Why is your skin brown?


Little boy Stock Photo by ©eaniton 8773829
Photo-Google

Is what the toddler asked me. I was a cashier in a convenience store. I wasn’t insulted, before I could respond, his mother whisked him away.

Children aren’t born racist, they are taught.

Throughout the years, my friends and I have shared stories about our upbringing. The sentences below reflect what we were told by some family members and adults in our lives.

You can have all the white friends you want, but you will never be white, they will never accept you, you will always be a nigger.

Chinese people don’t know how to use knife and forks like us, they eat with sticks.

You cant wear that, only Negros and t Mexicans wear purple.

You have to keep an eye on black people, they will rob you blind.

Look at um, with their racist asses. I hate white people

He trying to be white, talking all proper, like a white person.

Those Mexicans are nasty, they bring their filth to America

You are white! don’t you know that! The coloreds hate white people! They gonna take you somewhere and kill you! Get that through your head!

I don’t want my girls around those people….

If my child married a ____________ I would disown her.

They want special rights, so they can look down On whites.

They all lie.

Last summer, I reconnected with some old friends Via zoom. We were in school in the late sixties, early seventies, during a time when governments forced school integration. While black and brown children had an option of attending a white school. Some white children were forced to attend a school of color.

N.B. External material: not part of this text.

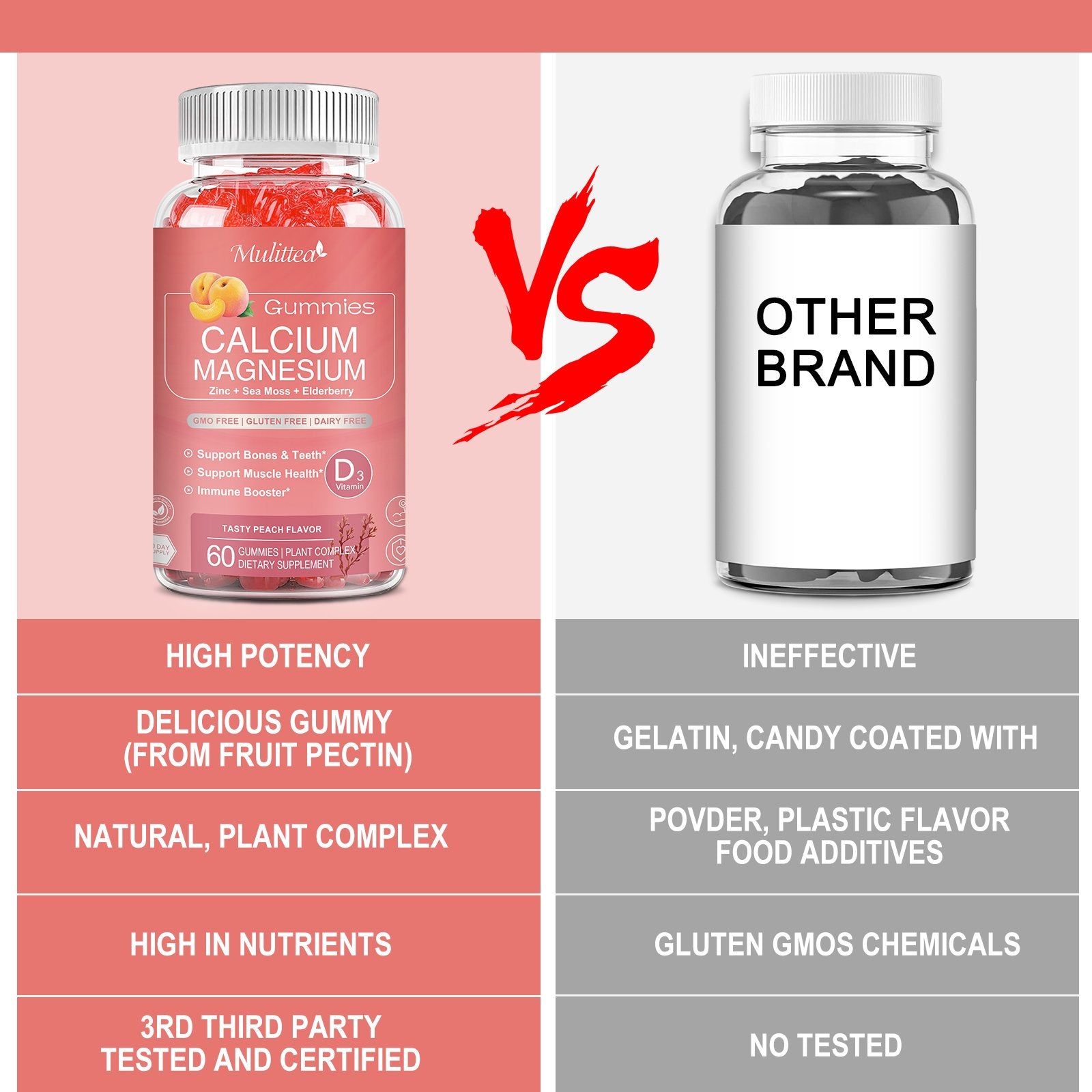 No more swallowing large pills! Delicious Peach Flavor gummies with potassium, magnesium glycinate, Vitamin D3 & natural vitamins. No aftertaste & easy absorption. -

To say the initial transition period was rocky was understatement. Angry parents and resentful students. If you were the minority, you was taunted and often physically attacked by some of the majority. The source of the anger, was often our parents and elders. Being a big black kid, I wasn’t attacked. Some black kids resented me for having non black friends and I wasn’t trusted by some in my community. I learned, a few of my White, Asian and Mexican friends experienced the same thing from members of their community.

After school we lost contact. I couple of people I kept in touch with are no longer with us today. Death, Divorce and Children.

As kids ,we were very aware what was happening in the world and in our own communities. One day a member of our posse just disappeared, one day he wasn’t in school. I learned during the call, that he was beaten by his father after someone saw us eating together in a McDonalds. His entire family moved out of San Pablo.

Fifty years, there are only a few of us left. Old men on Facebook, wondering if so and so is still alive? We all agreed, we were better off than our parents due to integration. Like our parents we saw color, what we didn’t share was their fear, and ignorance. There was some bump and hurdles through the years but we worked them out.

Over time we stopped labeling our friendship…… My Black friend, my Japanese friend, my White friend, my Mexican friend. Overtime, we simply became buddies.

Covid has changed some of us forever. I have a new appreciation for life. If it weren’t for Covid, I don’t believe I would have reached out to old friends. Men I haven’t seen in forty, fifty years, we are all planning to get together in the spring, I’ll have my insults ready.